This tutorial walks you through some of the advanced features for customization of Riva TTS audio output with Speech Synthesis Markup Language (SSML).

## Customizing Riva TTS audio output with SSML

Speech Synthesis Markup Language (SSML) specification is a markup for directing the performance of the virtual speaker. Riva supports portions of SSML, allowing you to adjust pitch, rate, and pronunciation of the generated audio.
SSML support is available only for the FastPitch model at this time. The FastPitch model must be exported using NeMo>=1.5.1 and the nemo2riva>=1.8.0 tool.

All SSML inputs must be a valid XML document and use the <speak> root tag. All non-valid XML and all valid XML with a different root tag are treated as raw input text.

Riva TTS supports the following SSML tags:

- The ``prosody`` tag, which supports attributes ``rate``, ``pitch``, and ``volume``, through which we can control the rate, pitch, and volume of the generated audio.

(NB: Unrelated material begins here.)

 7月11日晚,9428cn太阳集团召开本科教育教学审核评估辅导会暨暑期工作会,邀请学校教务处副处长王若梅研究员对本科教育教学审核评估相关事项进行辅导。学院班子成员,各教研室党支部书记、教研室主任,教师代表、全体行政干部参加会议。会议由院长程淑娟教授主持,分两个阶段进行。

- The ``phoneme`` tag, which allows us to control the pronunciation of the generated audio.
    
- The ``sub`` tag, which allows us to replace the pronounciation of the specified word or phrase with a different word or phrase.
    
Let's look at customization of Riva TTS with these SSML tags in some detail.

#### Import Riva Client Libraries

Let's first import some required libraries, including the Riva Client libraries:

In [None]:
import numpy as np
import IPython.display as ipd
import grpc

import riva.client

#### Create Riva Clients and connect to the Riva Speech API server

The below URI assumes a local deployment of the Riva Speech API server is on the default port. In case the server deployment is on a different host or via Helm chart on Kubernetes, use an appropriate URI.

In [None]:
auth = riva.client.Auth(uri='localhost:50051')

riva_tts = riva.client.SpeechSynthesisService(auth)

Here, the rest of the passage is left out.